Nuts and its benefitsOne of the most unexpected nutritional discoveries of the 1990s was that the frequent eating of nuts appears to dramatically improve health. In particular, nut eating greatly lowers the risk of heart disease. In 1992 researchers working on the Adventist Health Study at Loma Linda University in California reported that those eating nuts daily had up to 60% fewer heart attacks than those who ate nuts less than once per month. The beneficial effect of nut consumption was found for men, women, vegetarians, meat-eaters, fatter people, thinner people, the old, the young, those who did much exercise and those who did little exercise.

While many believe walnuts first grew in Persia, excavations in southwest France have revealed petrified shells of walnuts roasted during the Neolithic period, more than 8,000 years ago. The very name of the walnut tree and its nut originated with the Romans. The Romans called walnuts Juglans regia, “Jupiter’s royal acorn.” Walnuts have been discovered in prehistoric deposits in Europe dating from the Iron Age.

The first commercial walnut plantings began in 1867 when Joseph Sexton, an orchardist and nurseryman in the Santa Barbara County town of Goleta planted English walnuts. For several years, walnuts were predominantly planted in the southern areas of California, accounting for 65% of all bearing acreage.
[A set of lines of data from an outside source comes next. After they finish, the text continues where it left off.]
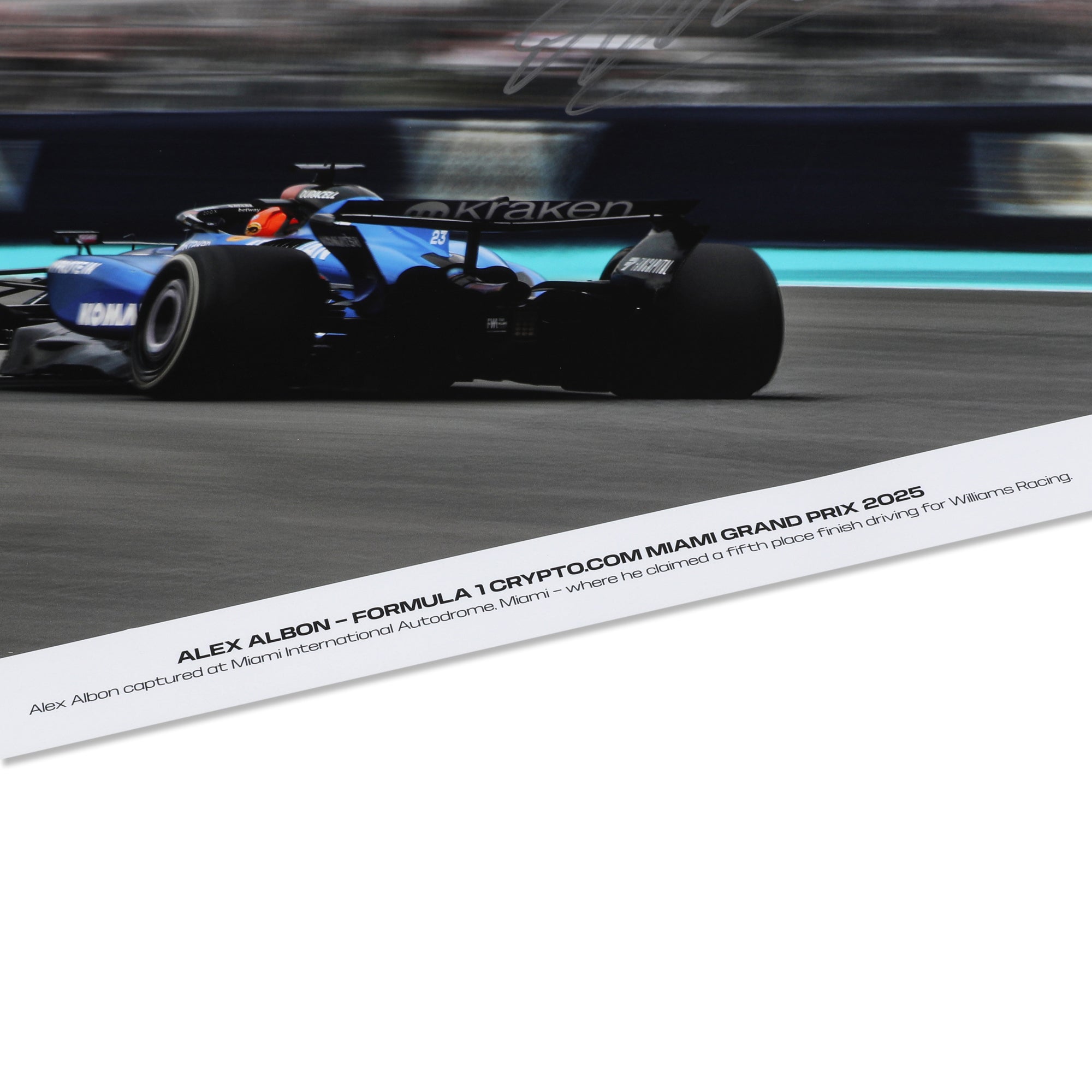 Capture the action! Own a photograph of Alex Albon out on track during the 2025 Miami Grand Prix, signed by the man himself.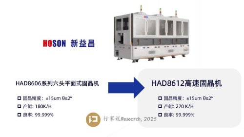 今年,新益昌在其HAD8606系列六头平面式固晶机的基础上,完成了新一代高速固晶机的研发,进一步推出了HAD8612高速固晶机,其固晶精度达到±15um内,θ≤±2°,产能达270K/H,良率达99.999%,能够更好地满足客户日益精进的高速高精度要求。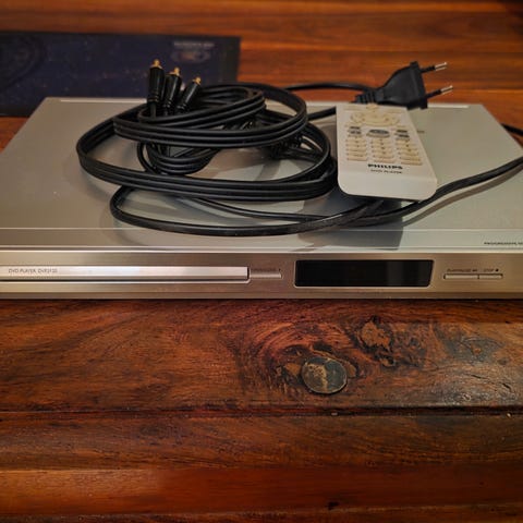 DVD-spelare med fjärrkontroll och kablar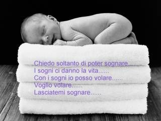 Le frasi ke mi fanno sognare...! -"Perchè la vita è un brivido k vola via" -"Riconoscere la vita in ogni respiro" -"your eyes are the mirror of your soul" -"chiudi gli occhi e inizia a sognare" -"non importa quanto aspetti...l’importante è chi aspetti" -"Nn permettere mai a nessuno di dirti k nn sai fare qualcosa. Se hai un sogno dv proteggerlo. Se vuoi qualcosa, vai e inseguila." -"So che ogni passo che ho fatto da quando ho imparato a camminare, era un passo verso di te!" -"Ho attraversato gli oceani del tempo per trovarti" -"se hai bisogno e non mi trovi cercami in un sogno" -"Vivere...6lettere...numerosi istanti...migliaia di emozioni" -"Voglio un mondo all’altezza dei sogni ke ho" -"Il bacio è un dolce trovarsi dopo essersi a lungo cercati" -"Chiunque abbia amato porta una cicatrice" -"Siamo fatti della stessa sostanza dei sogni" -"Una notte d’amore è un libro letto in meno" -"La cosa più difficile del mondo è viverci... abbi coraggio vivi" -"La mia mente è un ritratto di te" -"Ogni attimo della mia vita, nei tuoi occhi diventa prezioso" -"L’amore si completa quando due anime si uniscono in un solo respiro" -"Mi mancheresti anche se non ti conoscessi" -"Mi amerai x tutta la vita? No x l’eternità" -"è con te che ho imparato la bellezza della parola amore" -"il nostro amore immenso,da fuori sembrerà normale ma solo perché non lo puoi spiegare" -"Amare significa pensare intensamente a qualcuno,dimenticando noi stessi" -"Ama...Ama follemente...Ama più che puoi...E se ti dicono che è peccato, ama il tuo peccato e sarai innocente" -"Il bacio è la chiave dei ricordi" -"Un bacio non è niente...è la persona che lo rende speciale" -"Stavo x andarmene...ma poi ho capito che: preferisco litigare tutta la vita con te ke fare l’amore con qualcun’altro" -"Non stai vivendo se non sai di vivere..." -"Respirando te, ho respirato la vita" -"Speravo esistessi.....però nn immaginavo così tanto!!" -"sto pensando a te.. mentre cammino, mentre parlo, mentre rido, mentre respiro sto pensando a te mentre mi spoglio di ogni orgoglio quando guardo il mio destino sto pensando a te mentre ricordo quando ancora sento il tuo profumo" -"Non sono più lei....li messa in cornice....immobile,infelice" -"L’unico modo per liberarsi di una tentazione...è concedersi ad essa!!" -"Leggiti le avvertenze...non sono più lei...ho altre esigenze in cui non ci sei!!" -"Casomai lo sbaglio, non averti incontrato tempo fa" -"In qualunque posto sarai, in qualunque posto sarò....tra le cose che vivi io per sempre vivrò!! -"Se mi cerchi nel cuore, io nel tuo cuore vivrò!!" -" Tu sei il senso che ho di me" -" Per una magia così...vale la pena vivere" -" Volevo assaggiare tutti i sapori del mondo sulle sue labbra." -"È bello avere una persona sulla quale fare fantasie durante il giorno." -"Scusa il ritardo...c’ho messo tutta la vita x arrivare da te!" -"Gli incontri piu importanti sono già combinati dalle anime prima ancora che i corpi si vedano." -"Nella vita ci sono cose per le quali vale la pena di lottare fino in fondo. Tu ne vali la pena" -"chi ti ha fatto gli occhi e quelle gambe, ci sapeva fare....chi ti ha dato tutta la dolcezza ti voleva bene" -"vivere una notte lunga una vita, avere il suo profumo ancora tra le dita....svegliarsi affamati e rifarlo x ore passare dal sesso a fare l’amore..." -"lui è un’albachiara e tu sei gia troppo grande...ma io continuo a parlare di te...chissà poi perchè.." -"voglio addosso le tue mani, voglio vivere a colori...." -"ogni volta che cammino...e mi sembra d’averti vicino" -"dicono che si può rinascere, facile dirlo x chi non ha incontrato la tua pelle" -"perchè tu sarai sempre il mio solo destino...posso soltanto amarti, senza mai nessun freno!" -"Portami altrove, portami dove non c’è nessuno che sappia di noi, fammi vedere come si muore senza nessuno che viva di noi" -"tu sei quel respiro che mi toglie ancora il fiato..." -"è un giorno bellissimo...comincia da un battito, le ciglia si aprono e davanti agi occhi questo spettacolo è solo da vivere, da vivere io e te" -"Ho fatto un patto sai... ....con le mie emozioni, le lascio libere... e loro non mi fanno fuori" -"Ci sono persone che non finiranno mai di volersi bene...semplicemente perché ciò che li lega è più forte di ciò che li separa" -"Può il destino unire ciò che due persone tentano di dividere?" -"Tenta perché se non hai mai tentato non hai mai vissuto" -"Solo l’amore può lasciare un segno così forte, ma solo l’amore può guarire una cicatrice così grande" -"Ti guarderei un milione di volte, senza mai impararti a memoria" -"Sei tu l’unica cosa dolce che ho tra le labbra" -"Quando ti vidi mi innamorai e tu sorridevi perchè lo sapevi." -"Quando stai con qualcuno, non puoi chiedergli garanzie, perché non puoi chiederle neanche a te stesso. L’amore è un rischio che una persona si assume. Per questo il vero amore è per i coraggiosi." -"ho cercato la bellezza e l’ho trovata infondo alla semplicità" -"il per sempre è una fiaba che noi già stiamo scrivendo" -"Non avevo mai capito perchè ad una persona ne servisse un’altra per sentirsi completa....non l’avevo capito fino a quando non ho incontrato te" -"La vita non è una commedia che puoi provarla prima. Devi vivere improvvisando(V.Rossi)" -"Il mondo non c’è stato dato in eredità dai nostri padri ma in prestito dai nostri figli" -"che rumore fa la felicità? ora l’ho capito il suoni dei tuoi baci" -"Chiudi gli occhi e fai finta che sia un brutto sogno. E’ così che vado avanti."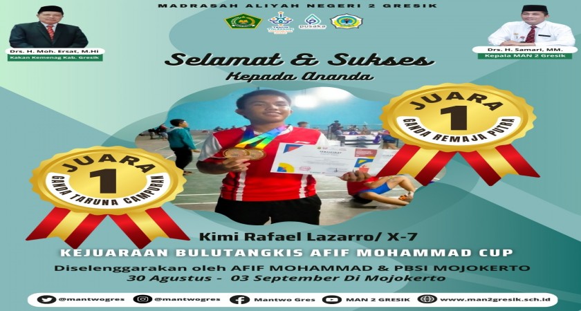 Gresik, 3 September 2023 - Kimi Rafael Lazaro, seorang siswa kelas X-7 di MAN 2 Gresik, telah menorehkan prestasi luar biasa dalam kejuaraan bulutangkis. Kimi berhasil meraih posisi juara 1 dalam nomor bulutangkis tunggal putra, juara 1 dalam nomor bulutangkis ganda remaja putra, dan juara 1 dalam nomor bulutangkis ganda taruna campuran pada Afif Mohammad Cup 2023. Kejuaraan ini diselenggarakan oleh Afif Mohammad dan PBSI Mojokerto, dan berlangsung dari tanggal 30 Agustus hingga 3 September 2023.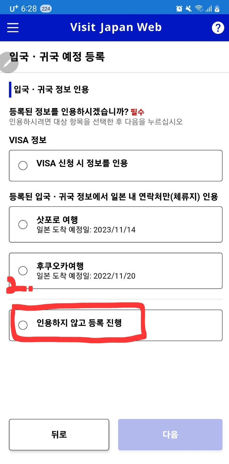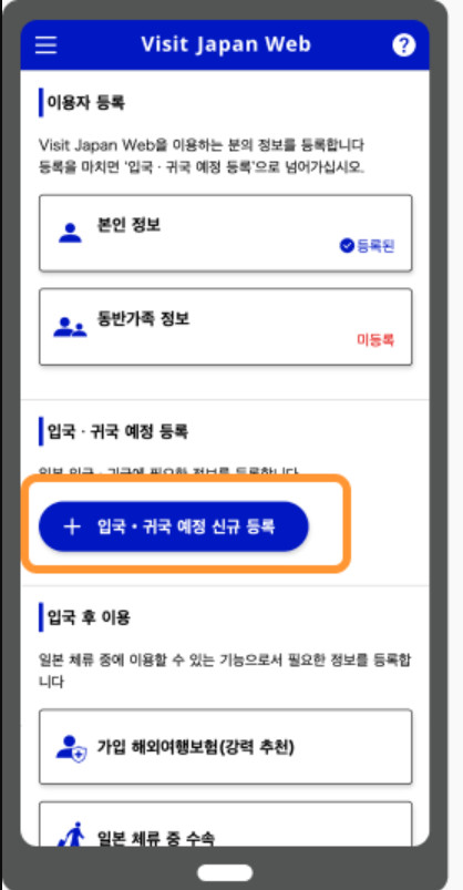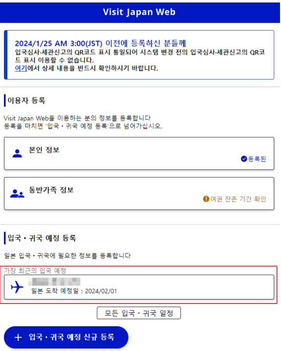 다시 홈으로 돌아가서 3번에서 등록했던 가장 최근의 입국 예정을 선택해 줍니다.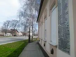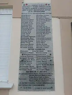 Serbian Cyrillic inscription on 1962 World War II memorial in the centre of the village.

In addition to the cardiac benefits of consuming nuts, the risks of having a stroke, of developing type 2 diabetes, of developing dementia, of advanced macular degeneration and of gallstones have all been found to be lowered by eating nuts. Calculations suggest that daily nut eaters gain an extra five to six years of life free of coronary disease and that regular nut eating appears to increase longevity by about 2 years. The studies above suggest that 30 to 60 grams (1-2oz) of nuts should be consumed daily to gain the maximum benefits seen.

Nuts are of course a fatty food and many might worry that they will put on weight by eating more nuts. After all, 30 grams (or one ounce) of most nuts contain about 800 kilojoules (200 kilocalories). Happily though, on present evidence, nuts do not seem to cause weight gain. There is just one note of warning though. British and American surveys suggest that between one in one hundred and one in two hundred people may be allergic to one or more types of nuts. Both children and adults can be affected and the most common symptoms seem to be skin rashes and hoarseness in the throat. For the large majority of the population though, an increase in nut consumption would appear to be desirable and "regular nut consumption can be recommended as a replacement for consumption of refined grain products or red or processed meats".

The nuts of all the species are edible, but the walnuts commonly available in shops are from the Persian Walnut, the only species which has a large nut and thin shell. The nuts are rich in oil, and are widely eaten both fresh and in cookery. Walnut oil is expensive and consequently is used sparingly; most often in salad dressing. Walnuts are also an excellent source of omega-3 fatty acids, and have been shown as helpful in lowering cholesterol. They need to be kept dry and refrigerated to store well; in warm conditions they become rancid in a few weeks, particularly after shelling. Oil paint often employs walnut oil as an effective binding medium, known for its clear, glossy consistency and non-toxicity. Flour made from walnut shells is widely used in the plastics industry.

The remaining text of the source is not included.